# NPPLS Data Preparation Pipeline

This notebook comprehends all the steps necessary to parse the inputs from the ProteiNet dataset (link), append physical_chemical descriptors from AAIndex and calculate it's ZMatrix, dihedral angles and distogram (currently Ca, planning on expanding to Cbeta but need answers from ProteinNet's creator). This is a work in progress and much of what is present here will be changed within the next months. 
<br>**Essa que tá valendo!!**

#### Installation of Libraries

The original docker for tensorflow2 doesnt comes with several libraries used throughout this note book. So, pip execution could be broken outside this conteiner and for different versions of the tensorflow dockers available.
Eventhough this script could be run on whatever computer that has the requirements met (Tensorflow 2.1.0 CUDA), be careful when running outside a container, since I could not verify compatibility with other systems.
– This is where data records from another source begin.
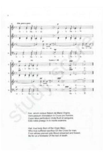
Ave Verum Corpus – Image 3
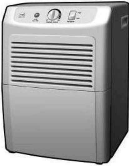
580.54351400 - 35-pint (2004)
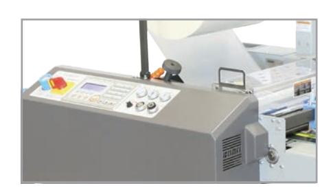
Centralized Control Center
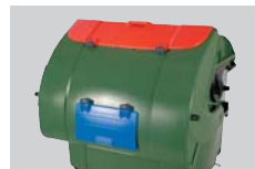
lid within a lid
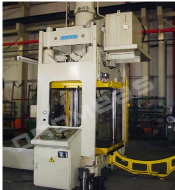
Press of new moulds testing
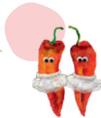
TRÖDEL & TAPS die Paprikas

**The conteiner version and name is:**
- TF 2.2.0
- tensorflow/tensorflow:latest-gpu-py3-jupyter

**Note that some of the libraries used on imported modules may be different, all the needed libs are downloaded below and listed on GitHub.**

##### Image ran: tensorflow/tensorflow:1.15.0-gpu-py3-jupyter
docker pull tensorflow/tensorflow:1.15.0-gpu-py3-jupyter

To run the container, one could also make an alias, as so:

alias docker_tf='docker run -v /LOCAL/VOLUME/:/tf/CONTAINER_VOLUME -p 8888:8888 --rm --runtime=nvidia -it --rm tensorflow/tensorflow:latest-gpu-py3-jupyter'

### How to Run this notebook:
1. First of all, download one of the ProteiNet TXT Datasets (this notebook was tested using CASP7's 50 fining);
2. Make sure you have the following packages installed:
>> - Python 3 <br>
>> - Tensorflow <br>
>> - Scikit Learn <br>
>> - Matplotlib <br>
>> - tqdm <br>
>> - regex <br>
>> (you can download docker and pull/run the above mentioned container) <br>
3. Execute the cells in sequence.
>> 1. Observe cell description before running. Some of them load files produced on previous steps. So you can continue to explore stuff and skip some cells.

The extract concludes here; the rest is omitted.